James O'Neill's Blog

July 16, 2007

When Specs go bad …

Filed under: Uncategorized — jamesone111 @ 11:44 am

Something has puzzled me for years now. If I look at the properties for a JPEG image from my camera, it keeps telling me that the Flash was settings were “Flash not fired; Compulsory flash mode” – even though the flash was off. I was sure Windows XP and Vista both gave this but when I looked at my fully patched versions the field was blank. [I’m also sure some extra properties have appeared on the details page as well – Maximum aperture and digital zoom ratio for example]

My recent poking round with EXIF data shows that on my pictures the field is set to 16. Great. What does 16 mean ? Only one thing for it. Off to http://www.exif.org/specifications.html and lets have a look.
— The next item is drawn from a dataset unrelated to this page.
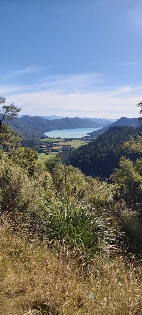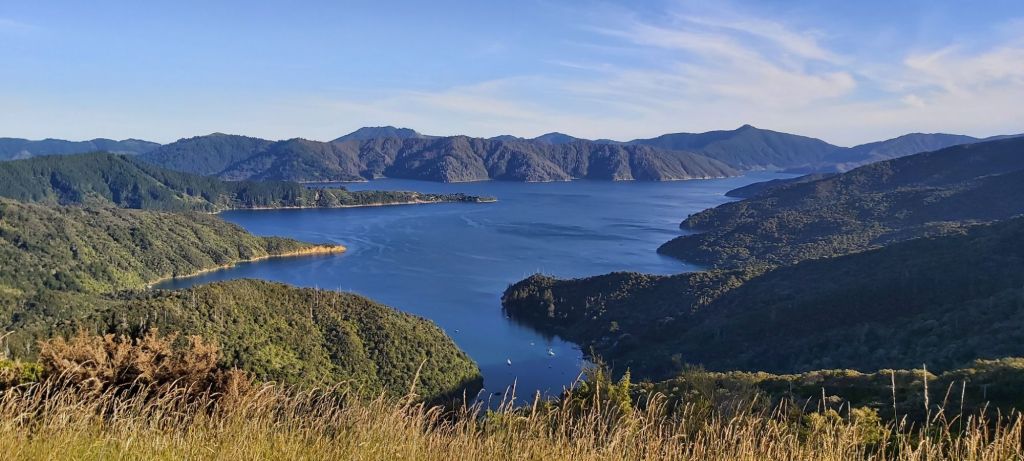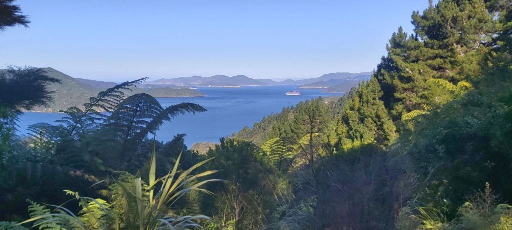 Following the ridge, I spent most of the time in the cover of trees with the occasional gap to let in glimpse of either sound as a sort of reminder as to why I’m out here doing Te Araroa: spectacular views alongside awesome people. I was lacking the latter, so at a picnic bench I stopped for a snack break and let the others catch up. I have to say, I’m loving the lightness of these trail runners, they’re definitely helping to contribute to helping me get up mountains quickly. Out in the sounds were countless small white wakes of boats going to and fro, along with a nice big wake from a cruise ship heading back out into the ocean. One has to wander how long it took to turn that bad boy around at Picton.
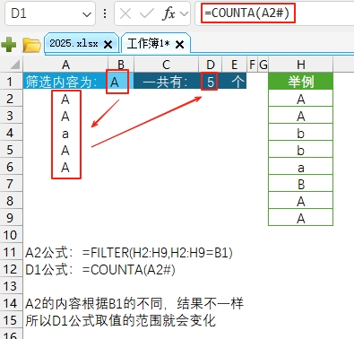 选“A”时,D1公式中"A2#"得到A2:A6的范围

This tag indicates the status of flash when the image was shot. Bit 0 indicates the flash firing status, bits 1 and 2  indicate the flash return status, bits 3 and 4 indicate the flash mode, bit 5 indicates whether the flash function is present, and bit 6 indicates “red eye” mode
Tag = 37385 (9209.H)
Type = SHORT
Count = 1

Values for bit 0 indicating whether the flash fired. 
0b = Flash did not fire.
1b = Flash fired.

Values for bits 1 and 2 indicating the status of returned light.
00b = No strobe return detection function 
01b = reserved
10b = Strobe return light not detected.
11b = Strobe return light detected.

Values for bits 3 and 4 indicating the camera’s flash mode.
00b =  unknown
01b =  Compulsory flash firing
10b =  Compulsory flash suppression
11b =  Auto mode

Values for bit 5 indicating the presence of a flash function.
0b =  Flash function present
1b =  No flash function 

Values for bit 6 indicating the camera’s red-eye mode.
0b =  No red-eye reduction mode or unknown
1b =  Red-eye reduction supported

So 16 would be all bits except bit 4 set to zero. Bit 4=1 and Bit 3=0 “Compulsory flash suppression” – switched off. The other bits mean the flash was present, it didn’t fire and we didn’t have red-eye, or return detection. So what’s all this nonsense about Compulsory flash mode.

Lets read on the spec has a section on Resulting Flash tag values: here’s an extract

0000.H =   Flash did not fire.
0001.H =   Flash fired.
0005.H =   Strobe return light not detected.
0007.H =   Strobe return light detected.
0009.H =   Flash fired, compulsory flash mode
000D.H =   Flash fired, compulsory flash mode, return light not detected
000F.H =   Flash fired, compulsory flash mode, return light detected
0010.H =   Flash did not fire, compulsory flash mode
0018.H =   Flash did not fire, auto mode
0019.H =   Flash fired, auto mode
001D.H =   Flash fired, auto mode, return light not detected
001F.H =   Flash fired, auto mode, return light detected

Most match the information we have above but 0x0010 (16 decimal) doesn’t. That explanation belongs to 8 not 16.  Oops. Or may it should say Flash did not fire, Compulsory flash Suppression mode. Interestingly those people who used this second table stay pretty true to the text in it.